Ждать, пока обсохнет внутренняя призма, не стал. Не убила эта субстанция сквозь «берцы», не убьет и сквозь перчатки.
Вытащил, сковырнул крышку… Какое-то время медлил, прежде чем потянуться к «попрыгунчикам». Потом нагнулся, взял их в руки…
Ну, здравствуйте, мои родные.
И все пошло не так…
«Джек» и «Джон» ни здороваться, ни признавать меня за родного не пожелали. И это не фигура речи, все так и было… Вернее, не было – того ощущения, какое возникало, когда я в Хармонте брал их в руки. Его трудно описать словами, оно полностью лежит в области аномального восприятия мира… Если совсем упростить, то я всегда ощущал и «Джона», и «Джека» отчасти живыми…
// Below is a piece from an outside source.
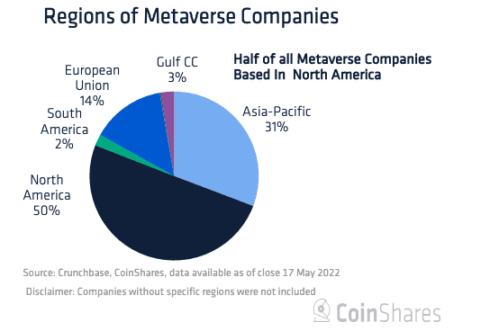 Les régions qui déploient le plus les start-ups qui créent et fournissent des expériences au sein du métaverse, sont les plus susceptibles d’écrire les règles du métaverse. Les entreprises nord-américaines ont plus occasions fréquentes de lever des capitaux. Le nombre de tours de financement est 50% plus élevé que

А сейчас было ощущение, словно на ладонях у меня лежали два булыжника.
Как бы вода виновата? Или дурацкие эксперименты яйцеголовых испортили «попрыгунчики»? Или что-то не так со мной?
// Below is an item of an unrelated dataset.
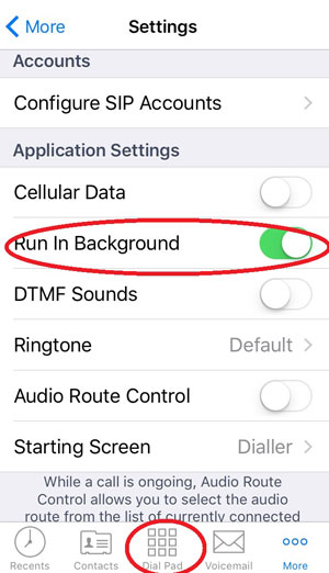 - Ensure that "Run in background" is enabled. By default, it should be enabled but, if it is not, tap it to enable. Once enabled, you are done and can ho back to the Dial pad by tapping its icon at the bottom of the screen.

Отложив «Джона», я тщательно выровнял «Джека», повернул одну грань…
«Попрыгунчик» исчез, чтобы в то же мгновение обнаружиться неподалеку, метрах в четырех… Мягко упал на пол, они всегда падают мягко, словно на войлочный мат… Джамп, или прыжок, состоялся. Но без меня.
Не желая мириться с очевидным, я повторил опыт с «Джоном». Результат прежний – переносить заодно и меня «попрыгунчик» не пожелал…
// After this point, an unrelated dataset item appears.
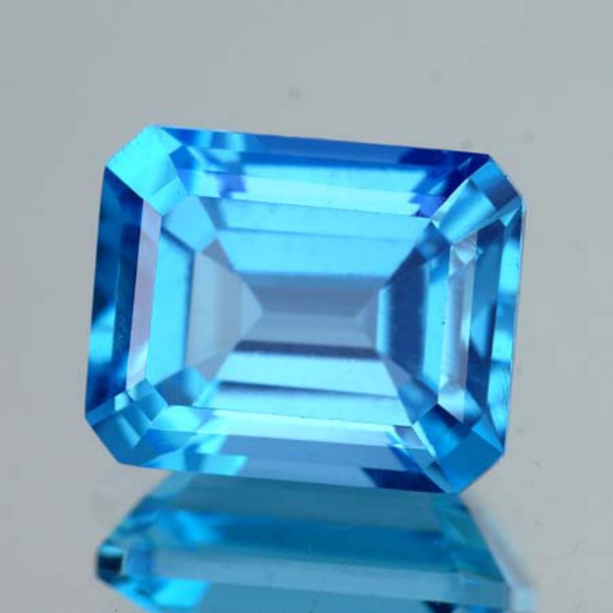Natural Topaz; SHAPE : Octagon; SIZE ( L x W x D ) : 9.02 x 7.03 x 4.68 mm; QUANTITY : 1 piece; COLOR : Swiss Blue ; CLARITY : Flawless-VVS; ORIGIN : Africa; HARDNESS : 8; LUSTER : Excellent; TREATMENT : Heated;

Все понятно. «Джек» и «Джон» остались прежними. Но меня за своего признавать не желают… Я был единственным, кого они признавали. Теперь перестал быть.
Держа их на ладонях, я «потянулся» к ним запредельным усилием своего аномального нутра. И показалось – или не показалось? – что не все и не до конца потеряно… Почувствовал какой-то отзвук, эхо давних ощущений…
Новый опыт. Новый джамп… Прежний результат.
Наверное, я экспериментировал бы вновь и вновь, не в силах смириться с поражением.
Но до хранилища вновь донесся глас свыше. На сей раз был он куда слышнее – у Максима Кирилловича Панова иерихонская труба еще та.
– Петя! К нам парламентер! Принимаем?
– Сейчас поднимусь! – гаркнул я.
Контейнер, специально приготовленный для «попрыгунчиков», улетел в угол. Пусть полежат в карманах, как можно ближе к телу… Может, вновь войдут со мной в резонанс?
А парламентера мы примем, куда ж без этого…
Раз уж «попрыгунчики» не помогут нам выбраться из западни, будем торговаться, угрожать, шантажировать… Для начала пригрозим, что выпустим всю водичку из призм и тем самым составим из артефактов исполинский, невиданный конфигурат… Кто-нибудь желает опробовать, на что такая штука способна? Нет? Тогда извольте предоставить заправленный вертолет, охрениард валюты и воздушный коридор до монгольской границы…
Парламентером к нам заявился Эйнштейн. Ожидаемо…
Он стоял снаружи, возле ниши деревянной двери с поднятыми руками. Я увидел на двери десятка два свежих пулевых отверстий и понял, что здесь тоже все шло не так уж гладко и ровно…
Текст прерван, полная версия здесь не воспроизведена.